O Arquipélago de Fernando de Noronha está no centro de uma disputa. A Advocacia-Geral da União (AGU) acionou o Supremo Tribunal Federal (STF) requerendo a propriedade das ilhas para o governo federal. Já o governo de Pernambuco defende que o local é estadual. O relator do caso é o ministro Ricardo Lewandowski.
Em uma ação apresentada na quinta-feira (24), o governo federal sustenta que o estado adota uma interpretação equivocada da Constituição, ao considerar que o arquipélago teve sua propriedade transferida ao âmbito local pela União.
Para a AGU, no entanto, o domínio sobre Noronha é federal, já que pelo texto constitucional, as ilhas oceânicas e terrenos de marinha são bens da União.
A informação sobre o início da disputa no STF foi publicada pelo Jornal do Commercio, do Recife, nesta sexta-feira (25).
“O domínio integral sobre o mencionado arquipélago sempre pertenceu à União. Não houve, portanto, durante a anterior ordem constitucional e muito menos na atual, a entrega do domínio de Fernando de Noronha ao Estado de Pernambuco”, completou.
Segundo a Advocacia, a Constituição concedeu a administração de Fernando de Noronha ao estado de Pernambuco, mas manteve a propriedade das ilhas nas mãos da União.

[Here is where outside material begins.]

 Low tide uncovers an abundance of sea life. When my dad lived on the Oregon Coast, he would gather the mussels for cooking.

Para o governo federal, o estado descumpre regras celebradas em 2002 no Contrato de Cessão de Uso em Condições Especiais entre os dois entes.
Pleiteia também que tem a receber, de Pernambuco, por força do mesmo contrato, pagamento mensal por áreas destinadas à execução de empreendimentos de fins lucrativos.
Governo do estado
Por meio de nota, o governo do estado afirmou que Fernando de Noronha “sempre fez parte de Pernambuco”.

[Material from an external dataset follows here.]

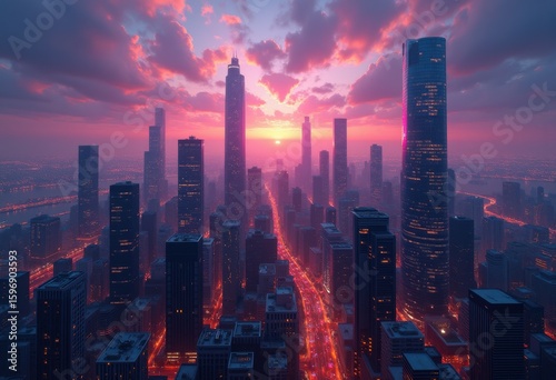 Fototapeta premium twilight city skyline vibrant colorful lights urban nightscape illuminated...

A ilha, justificou o estado, “por sua localização estratégica”, foi considerada território federal em 1942 e utilizada como base militar na época da Segunda Guerra Mundial.
Com a Constituição de 1988, voltou a compor o patrimônio do estado de Pernambuco. “É um orgulho do povo pernambucano e vai continuar sendo”, afirmou.
Ainda de acordo com o governo, a 9ª Vara da Justiça Federal em Pernambuco se manifestou no último dia 15 de fevereiro.
Na sentença, a Justiça Federal afirmou que “a ilha oceânica de Fernando de Noronha integra o território do Estado de Pernambuco” e “indefere-se, por ausência congênita de legitimidade ativa para a causa, a inicial do processo ajuizado por União Federal contra Distrito Estadual de Fernando de Noronha”.